• _HOW TO COMPLETE THIS TASK_
An exact copy is needed of the lines in the entries below from the line with "Lámpara de pared" up to and including the line with "광명시 맛집 베스트 10 순위표", and of nothing else. Leave the pictures out.

• _DATASET CONTENT_
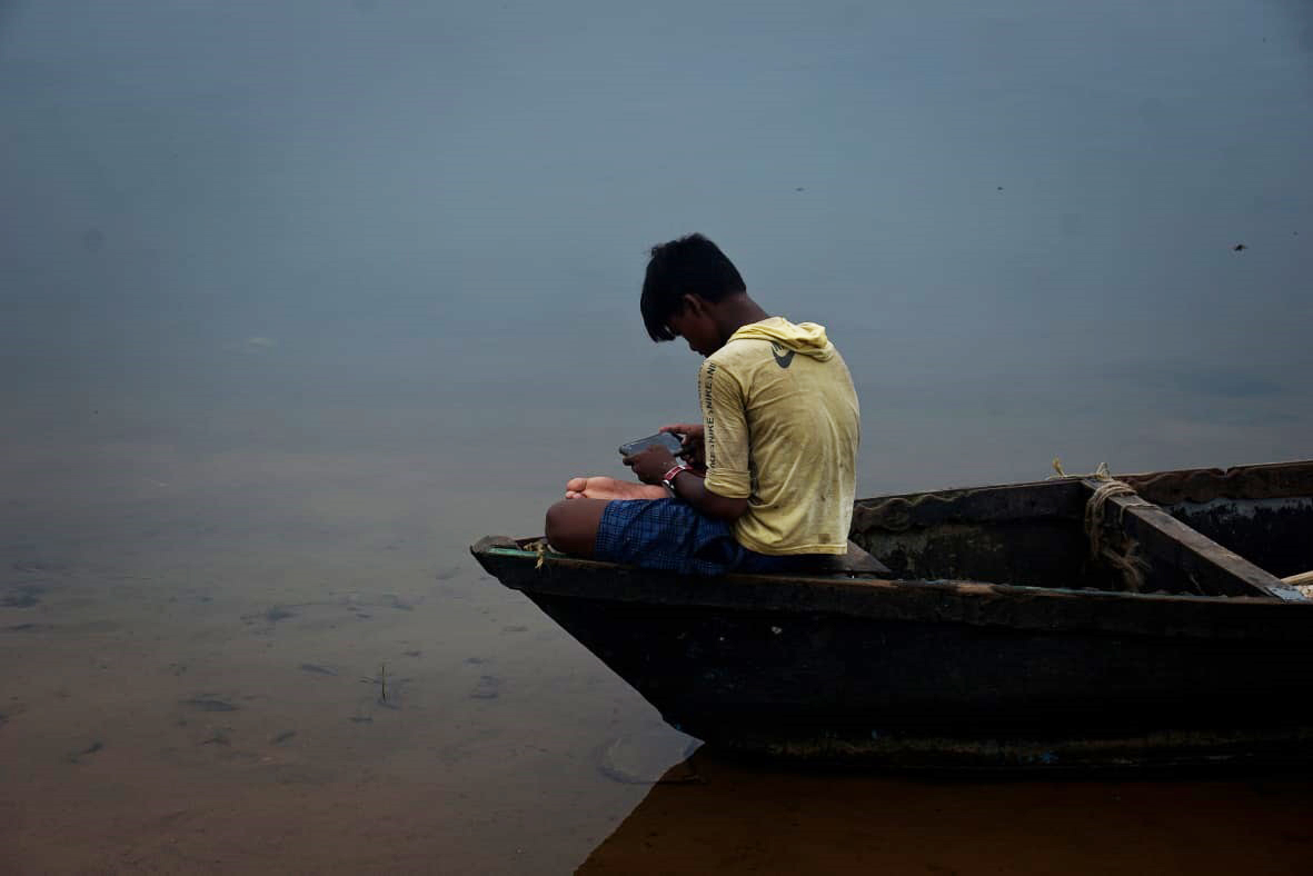 A kid plays game on mobile phone aboard a boat in Mahanadi at Cuttack’s Gadagadia ghat
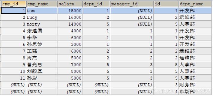 dept 作为主表自然也是全部查出,就连没有员工的两个部门:财务、市场部,也一并被查询出来。
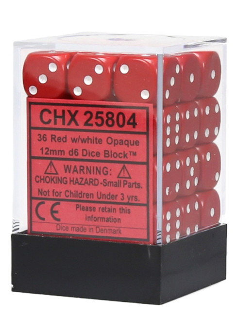 CHESSEX - (36)Dice D6 /12 mm - Red w/white
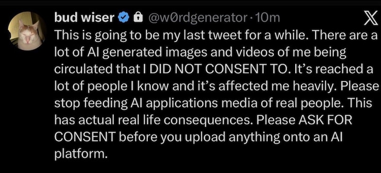 She emphasized the real-life consequences of such actions, urging people to “ASK FOR CONSENT before you upload anything onto an AI platform.” Her account is now private, visible only to followers.
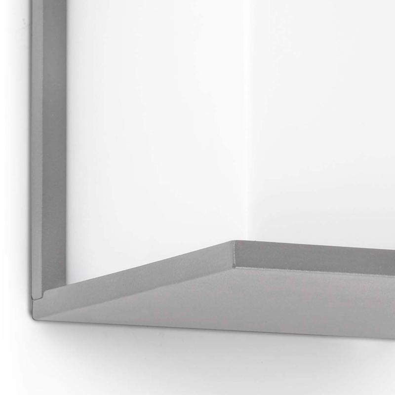 Lámpara de pared de exterior de estilo contemporáneo fabricado en aluminio inyectado y difusor de PVC opal.
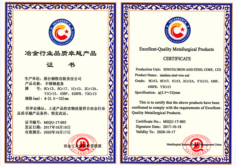 不銹鋼盤條0Cr13、0Cr17、1Cr13、2Cr13A、Y1Cr13、430F、430FR、Y3Cr13共8個(gè)牌號(hào)φ5.5- 32mm規(guī)格獲冶金行業(yè)品質(zhì)卓越產(chǎn)品
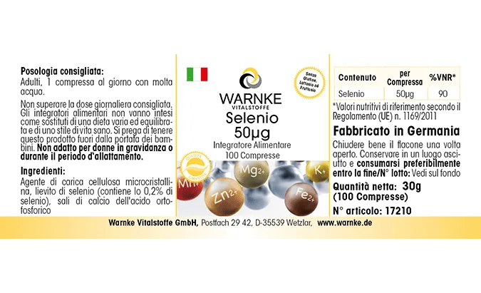 Selen 50µg - 100 Tabletten - für Schilddrüse, Zellschutz uvm. - Vegan | Warnke Vitalstoffe
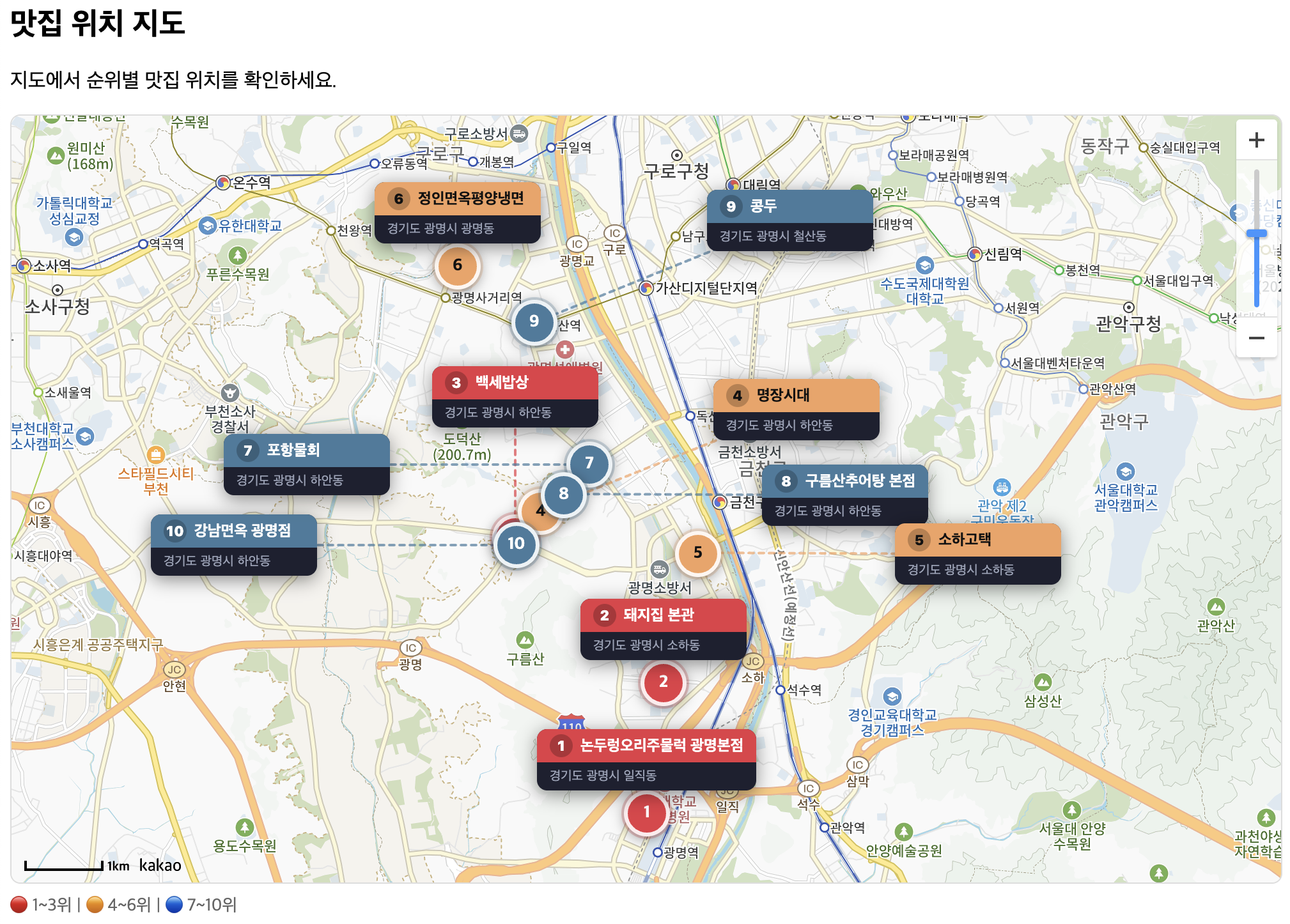 광명시 맛집 베스트 10 순위표
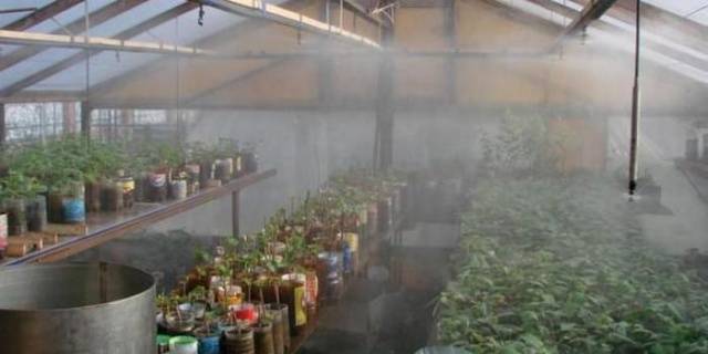 A levegő öntözőrendszere lehetővé teszi az esőhatás kialakítását az üvegház belsejében. Ugyanúgy készül, mint a talaj feletti vagy csepegtető rendszer, csak az összes cső van a felszínen.A fő öntözővezetéket az üvegház mennyezete alatt vezetik le. A vékony PVC csövek kis leereszkedései készülnek belőle, a végén permetezőgépekkel. Az ereszkedés hossza a mennyezet magasságától és a karbantartás egyszerűségétől függ a tulajdonos döntése alapján.
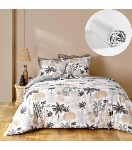 Douceur D'intérieur - Parure de Lit Scarlett Gris 240 x 220 cm + Drap-Housse 140x190 cm Blanc
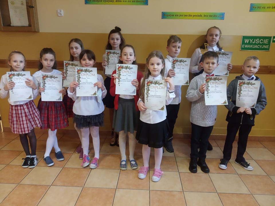 Naszą szkołę reprezentowały dwie solistki: Nikola Żuk z klasy IV i Julia Leśniewska z klasy VII, a także trzy zespoły: Weronika Bielak, Joanna Bryła, Katarzyna Marzec z klasy II; Wiktoria Bielak, Marcelina Brzozowska, Lena Leśniewska z klasy III oraz Jakub Kaziród, Szymon Bryła i Piotr Grzywna z klasy IV.
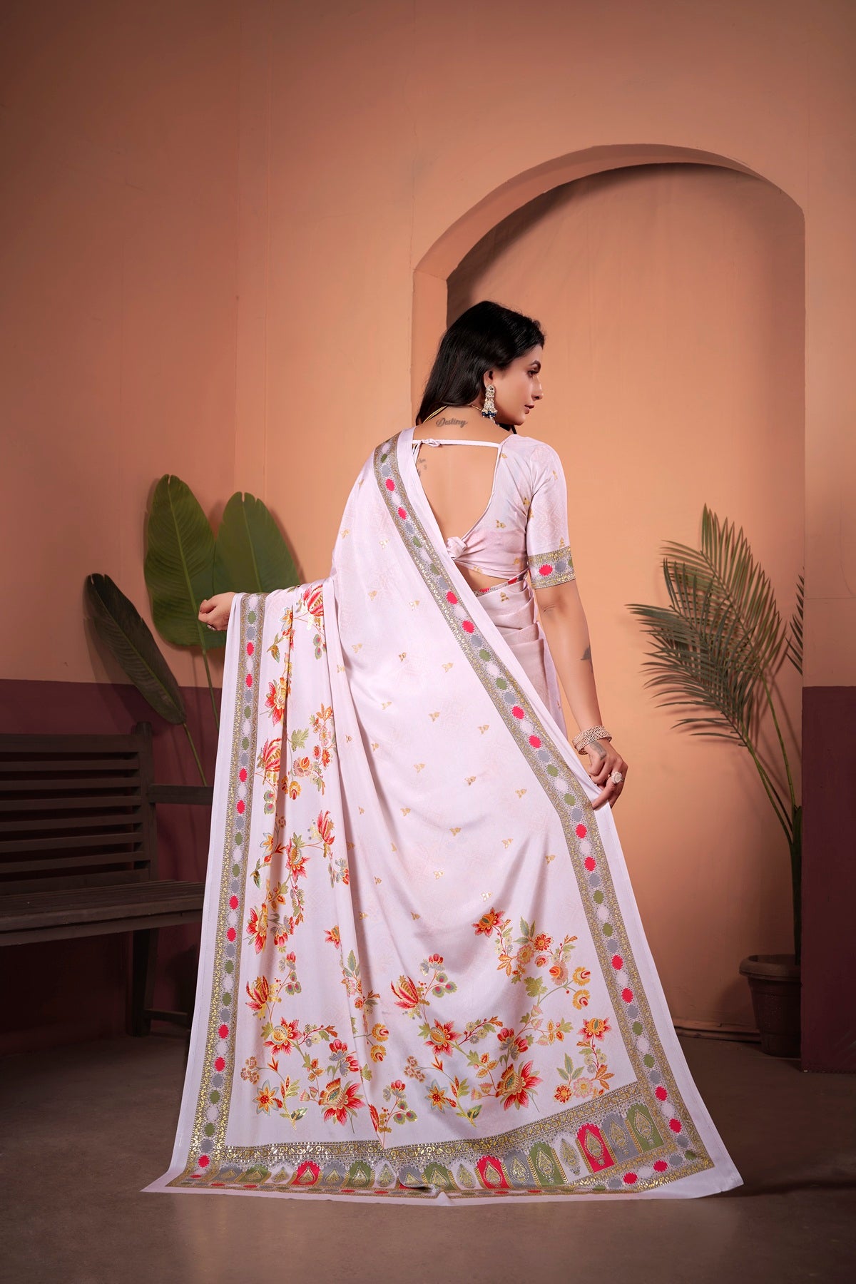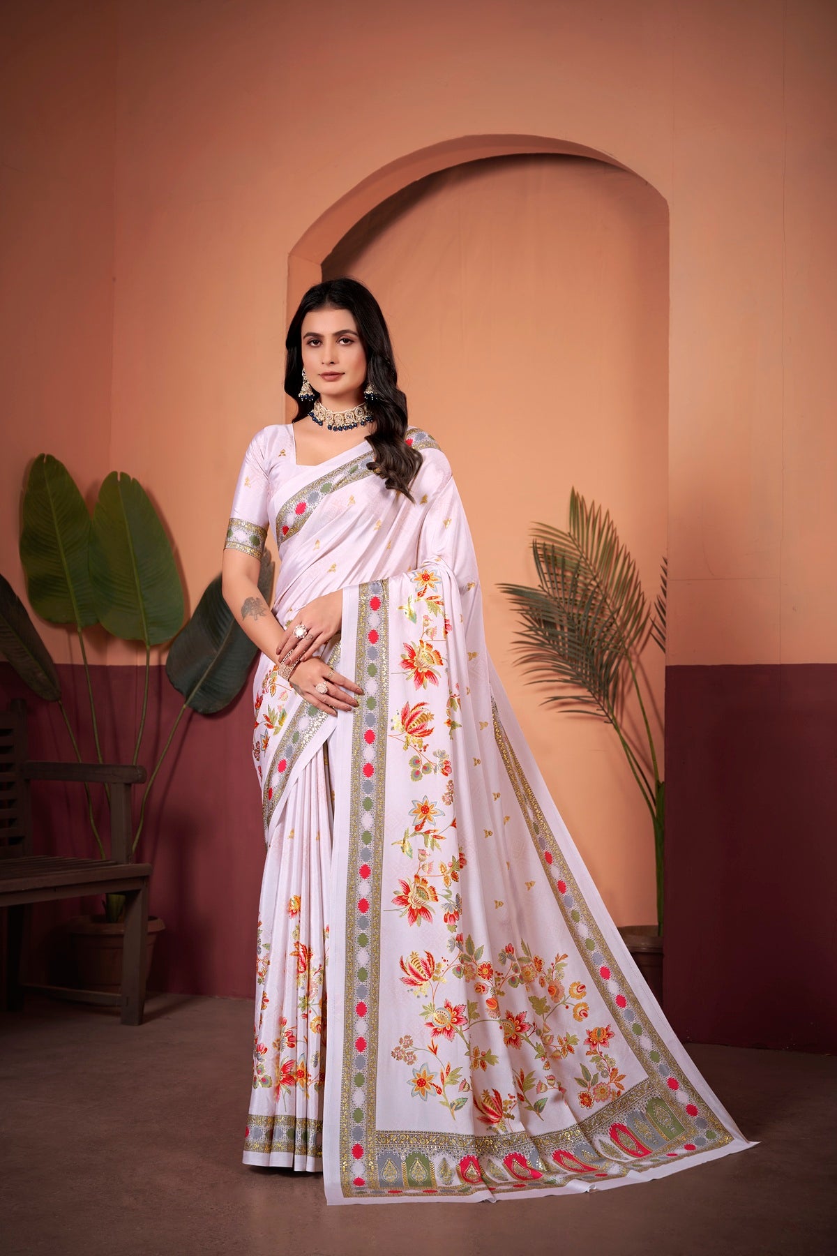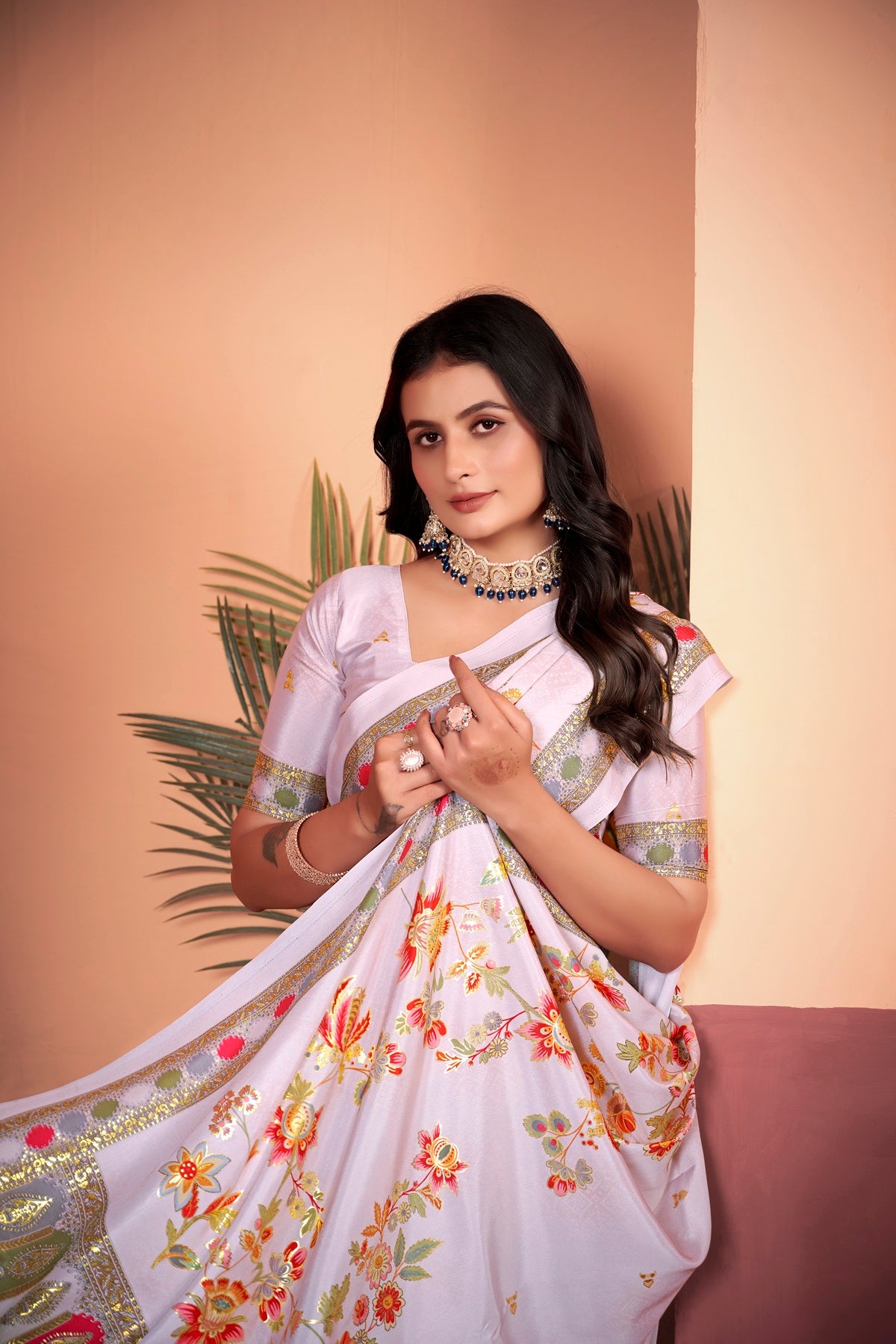 Graceful Off-White Saree with Positional Floral Print & Foil-Embellished Pallu
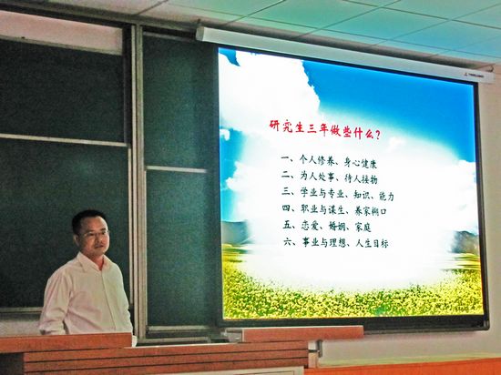 作为年轻的优秀导师代表,徐炎副教授和李明军副教授从自身的发展历程谈起,向同学们讲述只要拥有了明确的人生规划和坚持不懈的努力,就可以运用知识改变自己的命运,并具体谈到如何使自己成为一名优秀的研究生,他们真挚恳切的话语打动了现场每一位同学。

• _RESULT FOR THIS EXERCISE_
 Lámpara de pared de exterior de estilo contemporáneo fabricado en aluminio inyectado y difusor de PVC opal.
 不銹鋼盤條0Cr13、0Cr17、1Cr13、2Cr13A、Y1Cr13、430F、430FR、Y3Cr13共8個(gè)牌號(hào)φ5.5- 32mm規(guī)格獲冶金行業(yè)品質(zhì)卓越產(chǎn)品
 Selen 50µg - 100 Tabletten - für Schilddrüse, Zellschutz uvm. - Vegan | Warnke Vitalstoffe
 광명시 맛집 베스트 10 순위표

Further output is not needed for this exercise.